(perhaps this is old news, but i don't know much about it, so maybe you don't either!)
"Food morality is not as black and white as we like to believe: it's possible to raise animals sustainably and it's possible to raise vegetables unsustainably. Neither side has a monopoly."
"Working to ban something that 99% of people never eat is not an act requiring great moral or physical courage...it's a confidence game in which participating meat-eaters, by agreeing to condemn something that they don't care about, receive the equivalent of a get-out-of-jail card, i.e., the right to feel slightly less guilty as they bite into that factory-farmed McNugget.
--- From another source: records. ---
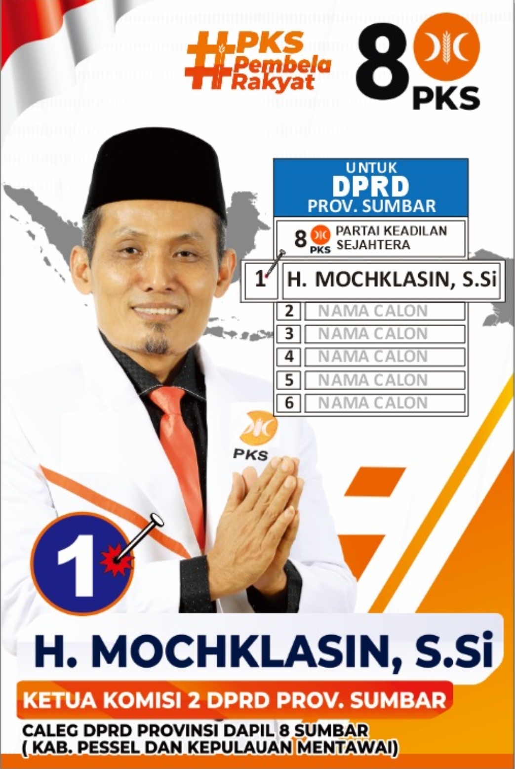 Padang SINDOTIME.COM — Bapak H. Mochlasin, S.Si diamanahkan lagi menjadi calon anggota DPRD Provinsi Sumatera Barat Nomor Urut.1 dari partai PKS Daerah Pilihan Pesisir Selatan dan Mentawai Provinsi Sumatera Barat.
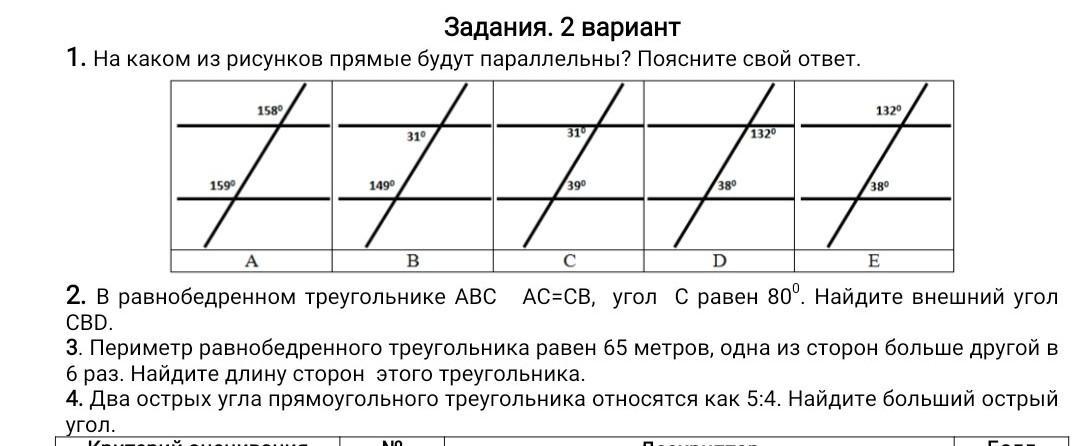 Задание №1: вариант В, так как внутренние односторонние в сумме дают 180°, по свойству параллельности прямых
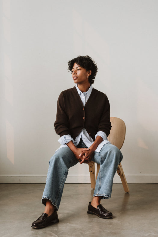Merino & Cashmere Cardigan - Brown

Guilt and moral superiority are tradable currencies; the anti-foie gras camp exploits this to the hilt."
"If someone really wants to make a difference in the world...start with the fact that more than 12 million children here in the United States live in households where there is risk of hunger or malnutrition every day."
i think that the above-referenced essay makes some very valid points, but i tend to steer away from the moral relativism camp (in theory, at least!). just because mcchickens are grown by the millions and by comparison, very, very few ducks are subjected to gavage* doesn't make the process any less questionable. but questionable is what it is. when any animal is raised and slaughtered for food, there is pain involved. it is just the cycle of life. eat or die!
*gavage refers the use of a funnel inserted into the duck's esophagus to force-feed grain to the duck over the final 15-21 days of its life. those who oppose gavage assert that the ducks choke, vomit, and suffer greatly because of this process.
and here's some sad duck clip art, just to add some, er, red eye to your day.
"stop that, i'm allergic to grain!!"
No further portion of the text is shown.